DNS query flood mitigation
The following shows how FortiDDoS mitigates a DNS query flood. It uses the DNS tables and LIP table to validate queries and responses.
Query | Response | |
---|---|---|
UDP |
|
|
TCP |
|
Validates the response against the DQRM table. If there is an entry, the traffic is forwarded; otherwise, it is dropped. |
Getting started with DNS mitigation
We recommend you allocate an SPP exclusively for DNS traffic. It takes a week to establish a baseline of traffic statistics for the SPP.
Steps
- Go to Service Protection > Service Protection Policy and create an SPP rule exclusively for DNS traffic.
- Go to Service Protection > Service Protection Policy> {SPP Rule} > Service Protection Policy. Ensure the SPP is in Detection mode.
- Navigate to Service Protection > DNS Profile and create a DNS Profile that links the SPP Rule created in step 1.
- Set DNS Feature Controls > DNS Fragment to Enable to apply Fragment ACLs (If required/Optional)
- Add DNS Resource Record Type ACL to same DNS Profile (if required/Optional)
- We recommend that you enable all anomaly checks under the section DNS Anomaly Feature controls and disable only if you encounter false positives (not expected)
- We recommend you enable all features under DNS Feature Controls section and leave disabled only features that are not suitable for your deployment.
- Navigate to Traffic Monitor > Layer 7 > DNS and observe the accumulation of traffic statistics for the SPP's DNS counters. After you have established a baseline (a week's worth of traffic), continue on to the next steps to prepare for and switch to prevention mode.
- Configure thresholds in the following way:
- Go to Service Protection > Service Protection Policy > Threshold Settings > System Recommendation and generate baseline statistics.
- On the same System Recommendation page, generate thresholds.
- Go to Service Protection > Service Protection Policy > Thresholds, and review the configurations. Make any manual changes if necessary.
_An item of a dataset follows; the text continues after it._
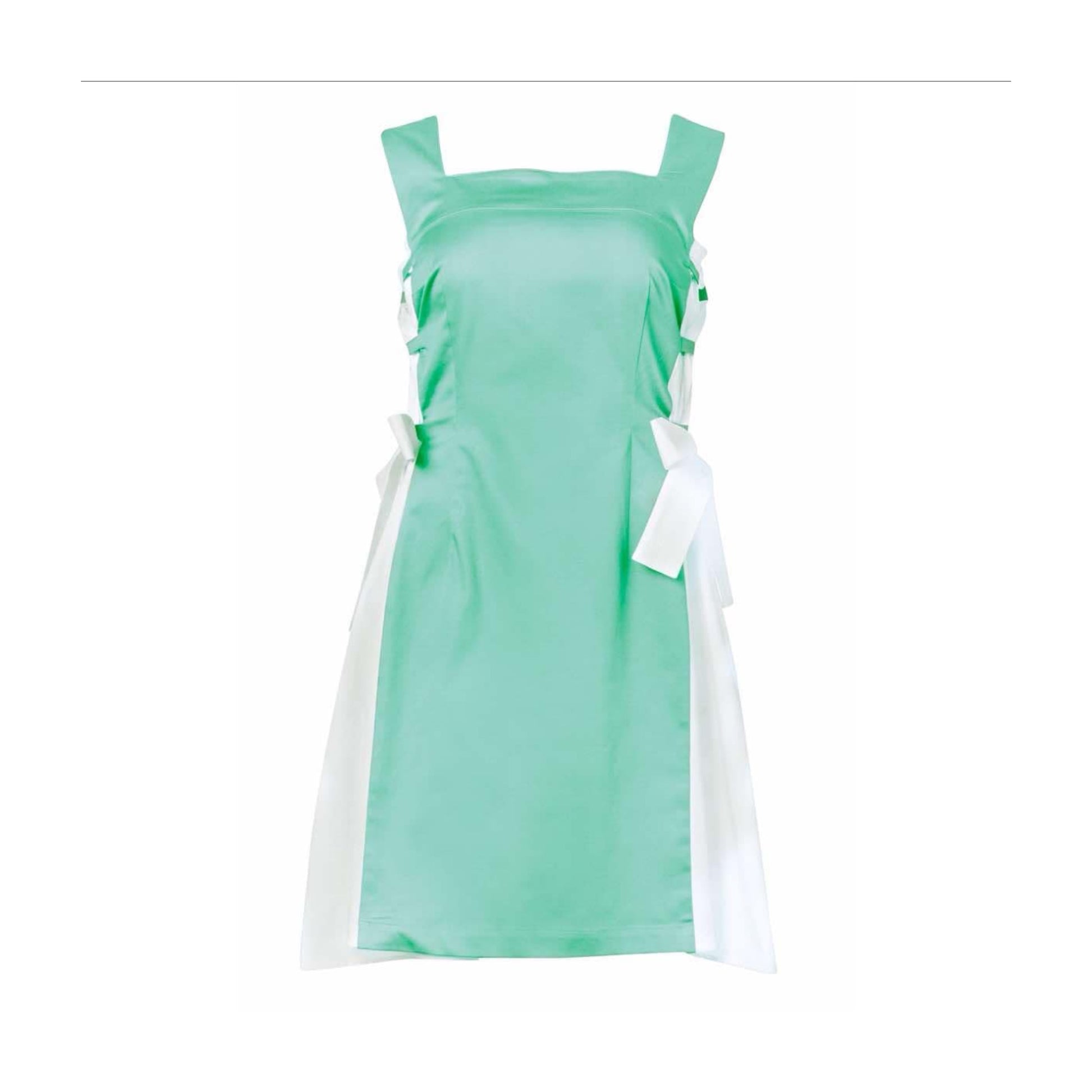 Bud Dress - Mini Cotton A-line Dress (Seafoam Green/White)

- Create TCP Profile and Enable TCP Session Feature controls > Foreign packet validation. This feature is useful when there is DNS traffic over TCP and FortiDDoS drops connections due to rate limits. When this setting is enabled, subsequent packets from the same connection are dropped.
- Navigate to Service Protection > Service Protection Policy > {SPP rule}> Service Protection Policy, set Operating mode to Prevention.